Opens a GUI for visualzing ERP butterfly plots and topographies. ERP t-scores, standard error and global field power (Lehmann & Skrandies, 1980) can also be visualized. Hold mouse cursor over GUI controls for an explanation of what they do. Click on waveform axes to visualize the scalp topography at that point in time. Click on electrodes in scalp topography to see electrode name. Note, you can open more than one "gui_erp" at a time in different windows, but you cannot animate more than one gui_erp window at a time.

plot_wave

Plots the ERPs from one or more bins in a GND or GRP variable in uV or t-scores. Each channel is visualized on its own axis.

sig_raster

Plots 2D (electrode x time) raster diagram of samples that show significant effects according to t-tests. Significant positive effects are represented with white squares (red if color is requested). Significant negative effects are represented with black squares (blue if color is requested). Called on GND or GRP variables.
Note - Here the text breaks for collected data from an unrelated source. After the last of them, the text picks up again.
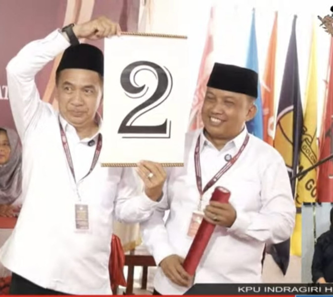 Dalam pencabutan nomor urut untuk dua pasangan calon Bupati Inhil dan Calon wakil Bupati Inhil nomor urut 2 didapat pasangan DR. H. Ferryandi dan H. Dani M Nursalam.
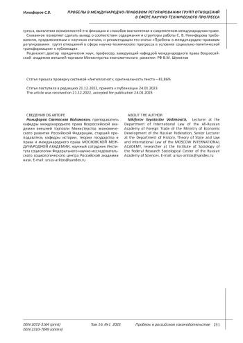 Цель и задачи написания статьи - исследование пробелов в международно-правовом регулировании групп отношений в сфере научно-технического прогресса в условиях социально-политической трансформации. Методологический подход. В работе используются общенаучные методы, в частности анализа и сравнения, а также методы юридического толкования. Результаты и выводы. В статье рассматривается актуальность и степень научной разработанности проблемы пробелов и их восполнения в международном праве в сфере научно-технического прогресса. Оригинальность и ценность работы заключается в определении природы пробела в международном праве в сфере научно-технического прогресса, выявлении возможностей его фиксации и способов восполнения в современном международном праве.
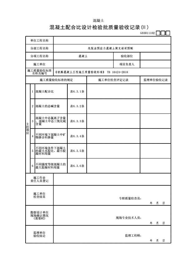 表格名称:G03011102 【混凝土】混凝土配合比设计检验批质量验收记录(Ⅱ)

Note, some image viewers (e.g., Apple's Preview) may have trouble viewing postscript raster images since some downsample the image to make the file smaller, which blurs the lines. gv and Adobe Illustrator should be able to view the files just fine. If viewing the raster as a postscript file is producing problems, you can try saving the figure in jpg format.

sig_topo

Plots scalp topographies of ERPs/ERP effects that have been tested for significance as a family of tests. Only works for ERPs/ERP effects derived from averaging time points within a mean time window. Called on GND or GRP variables.

sig_wave

Creates a butterfly plot of ERPs illustrating the results of a mass univariate t-test. Only works for mass univariate tests applied to every single time point within one or more time windows (i.e., it doesn't work when you apply t-tests to the average voltage within one or more time windows). Called on GND or GRP variables.

topoplotMK

Plots a topographic map of a scalp data field in a 2-D circular view (looking down at the top of the head) using interpolation on a fine cartesian grid. Can also show specified channnel location(s). This is a slightly modified version of the EEGLAB function topoplot.m. A few optional inputs have been added.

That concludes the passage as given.